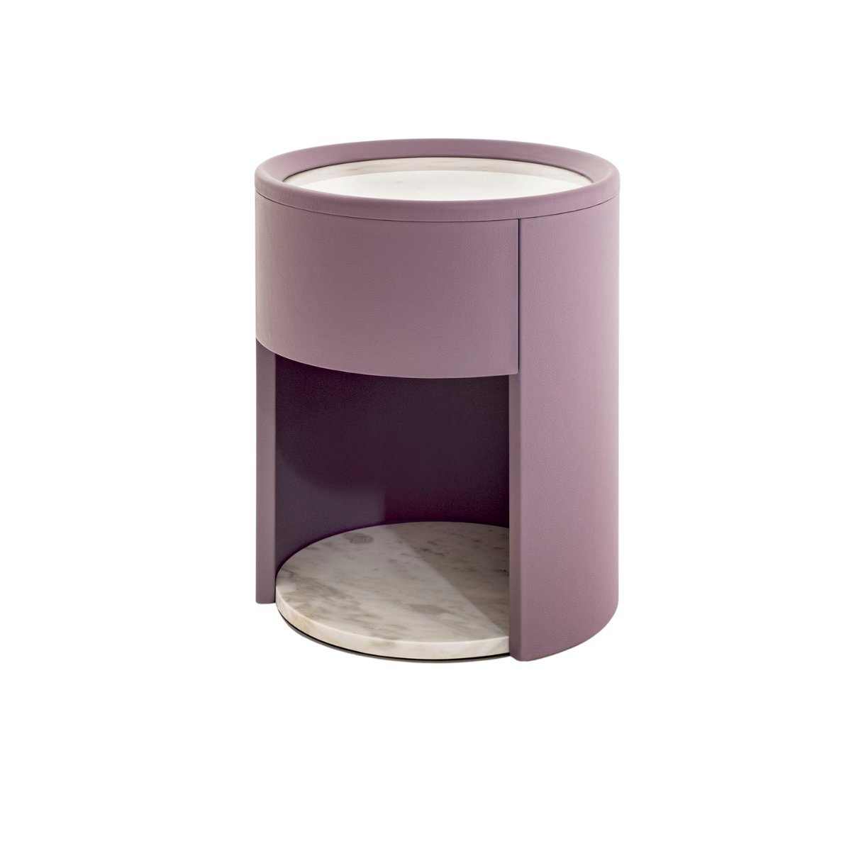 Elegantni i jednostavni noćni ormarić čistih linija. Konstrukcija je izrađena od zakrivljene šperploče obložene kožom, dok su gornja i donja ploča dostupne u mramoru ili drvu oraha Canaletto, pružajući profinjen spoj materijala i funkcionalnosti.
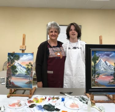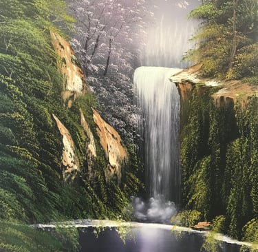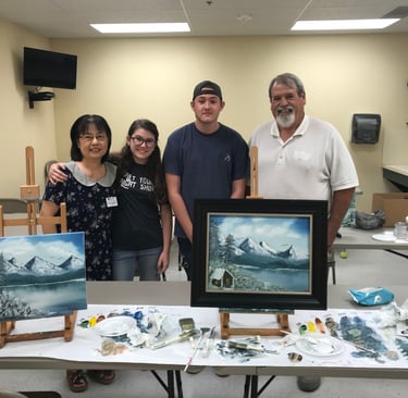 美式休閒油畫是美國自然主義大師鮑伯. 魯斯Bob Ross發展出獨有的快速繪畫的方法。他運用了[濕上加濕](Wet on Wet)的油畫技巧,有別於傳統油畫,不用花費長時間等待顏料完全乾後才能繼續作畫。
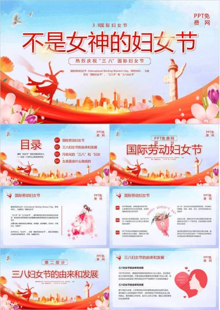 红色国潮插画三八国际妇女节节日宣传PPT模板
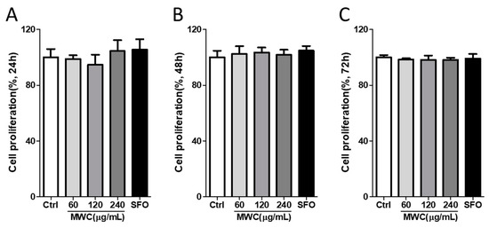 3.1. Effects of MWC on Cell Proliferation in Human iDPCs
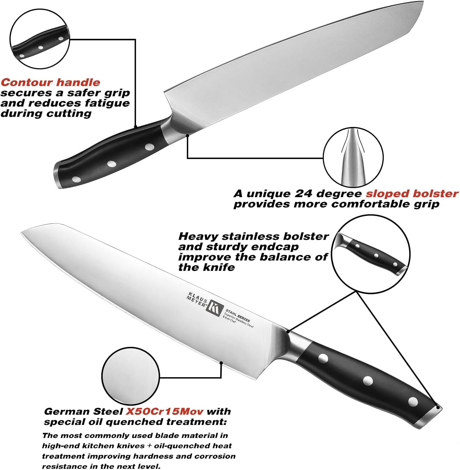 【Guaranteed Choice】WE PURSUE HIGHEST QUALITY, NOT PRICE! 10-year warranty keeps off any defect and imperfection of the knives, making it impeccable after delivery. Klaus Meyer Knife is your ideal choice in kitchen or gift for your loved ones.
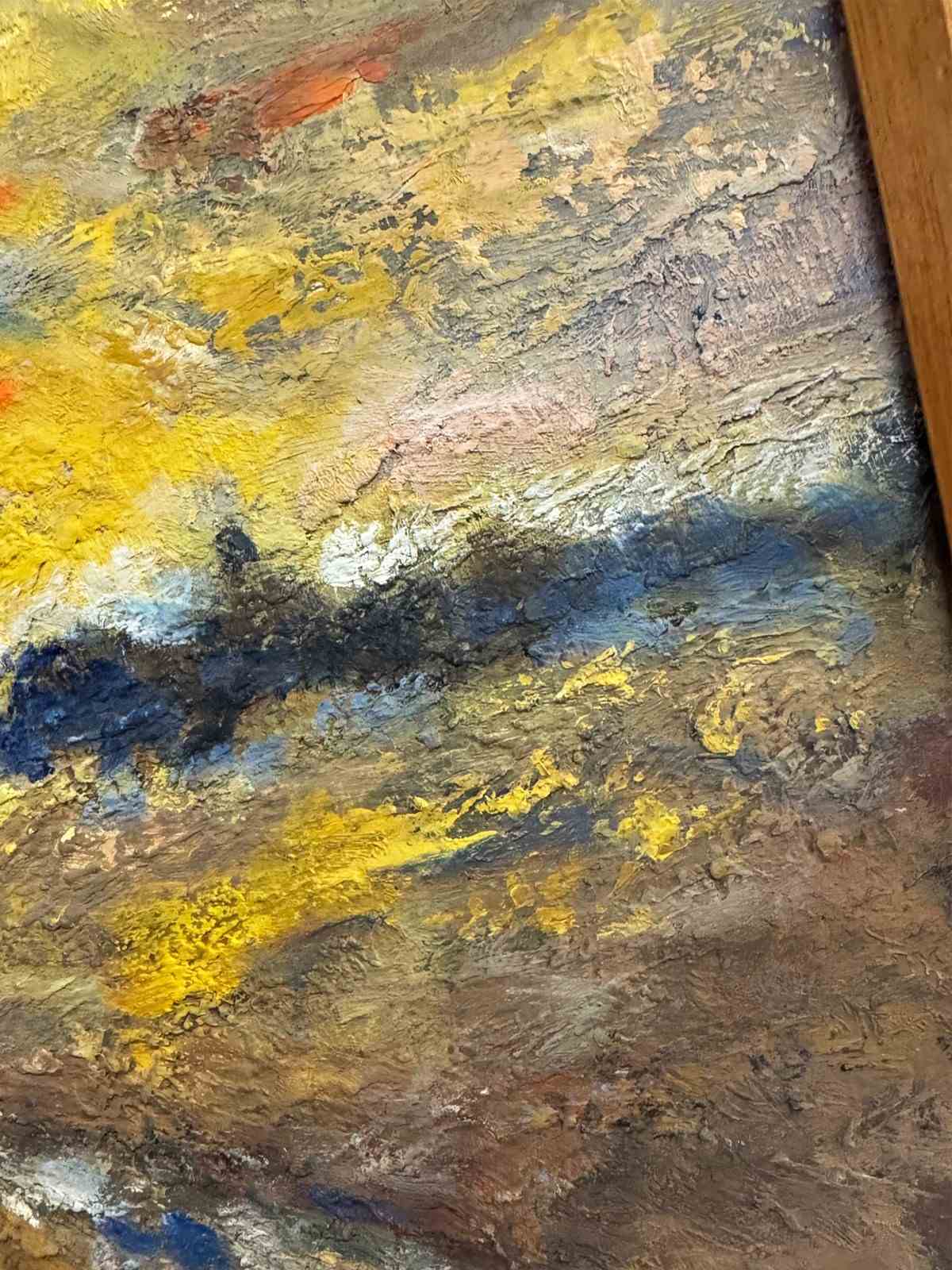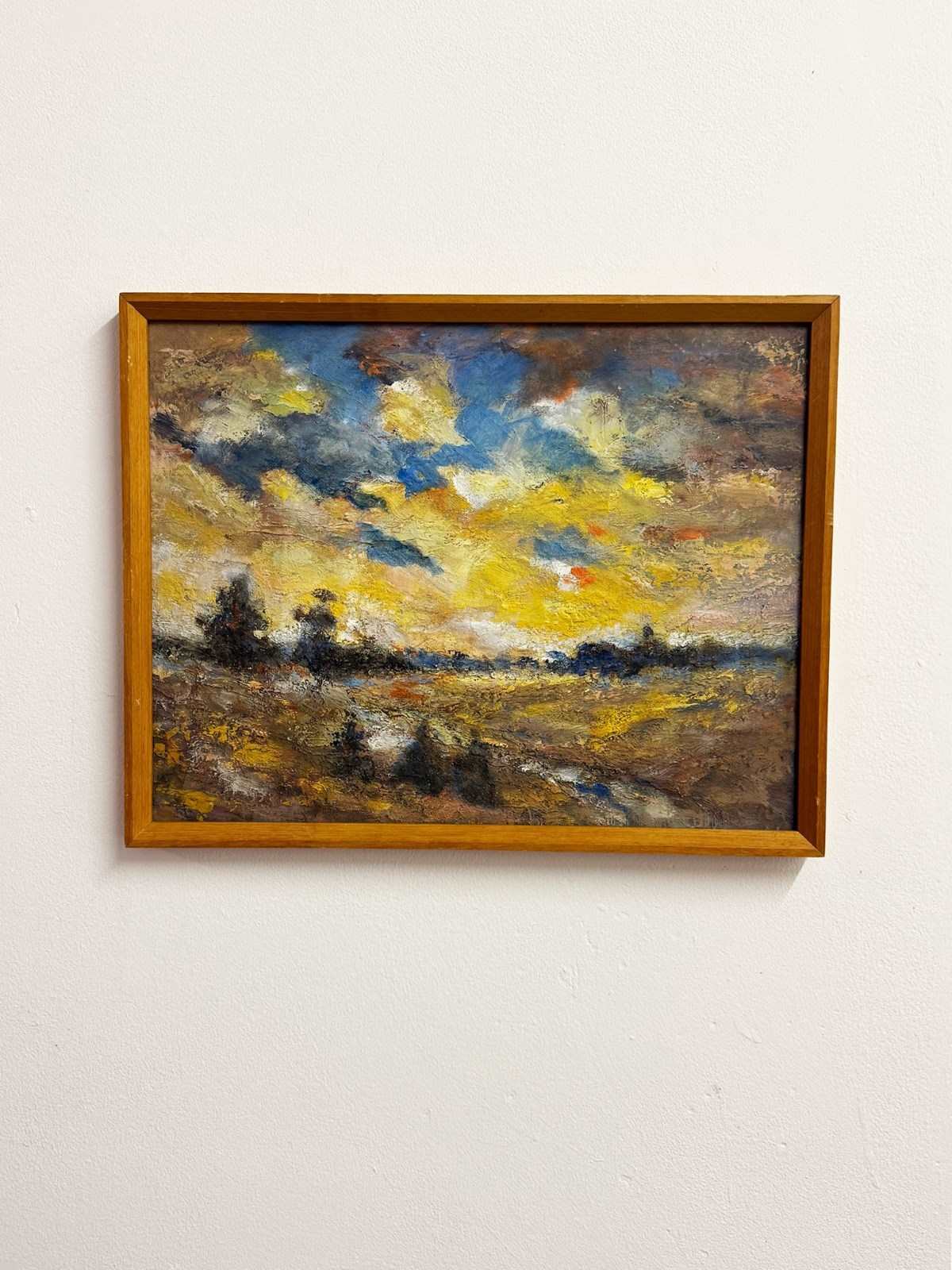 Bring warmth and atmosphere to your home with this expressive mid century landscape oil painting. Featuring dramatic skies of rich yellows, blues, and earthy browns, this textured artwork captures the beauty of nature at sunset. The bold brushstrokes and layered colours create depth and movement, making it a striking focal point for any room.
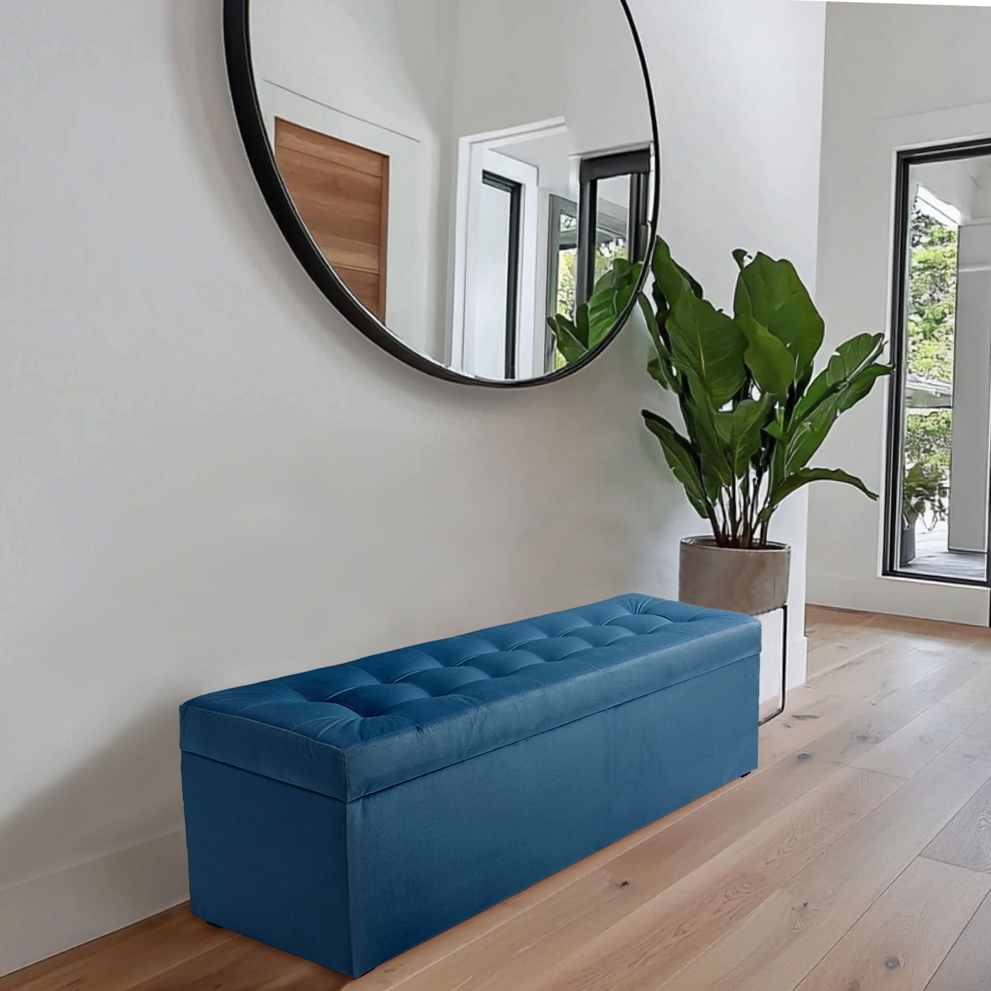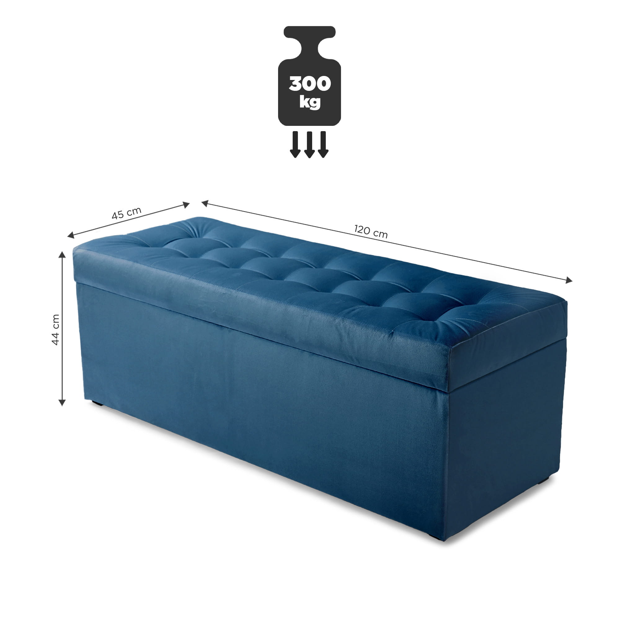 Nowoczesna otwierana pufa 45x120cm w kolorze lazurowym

__PROBLEM TO SOLVE__
Repeat the entries above exactly as written, but not their pictures.

__TASK RESPONSE__
 Elegantni i jednostavni noćni ormarić čistih linija. Konstrukcija je izrađena od zakrivljene šperploče obložene kožom, dok su gornja i donja ploča dostupne u mramoru ili drvu oraha Canaletto, pružajući profinjen spoj materijala i funkcionalnosti.
 美式休閒油畫是美國自然主義大師鮑伯. 魯斯Bob Ross發展出獨有的快速繪畫的方法。他運用了[濕上加濕](Wet on Wet)的油畫技巧,有別於傳統油畫,不用花費長時間等待顏料完全乾後才能繼續作畫。
 红色国潮插画三八国际妇女节节日宣传PPT模板
 3.1. Effects of MWC on Cell Proliferation in Human iDPCs
 【Guaranteed Choice】WE PURSUE HIGHEST QUALITY, NOT PRICE! 10-year warranty keeps off any defect and imperfection of the knives, making it impeccable after delivery. Klaus Meyer Knife is your ideal choice in kitchen or gift for your loved ones.
 Bring warmth and atmosphere to your home with this expressive mid century landscape oil painting. Featuring dramatic skies of rich yellows, blues, and earthy browns, this textured artwork captures the beauty of nature at sunset. The bold brushstrokes and layered colours create depth and movement, making it a striking focal point for any room.
 Nowoczesna otwierana pufa 45x120cm w kolorze lazurowym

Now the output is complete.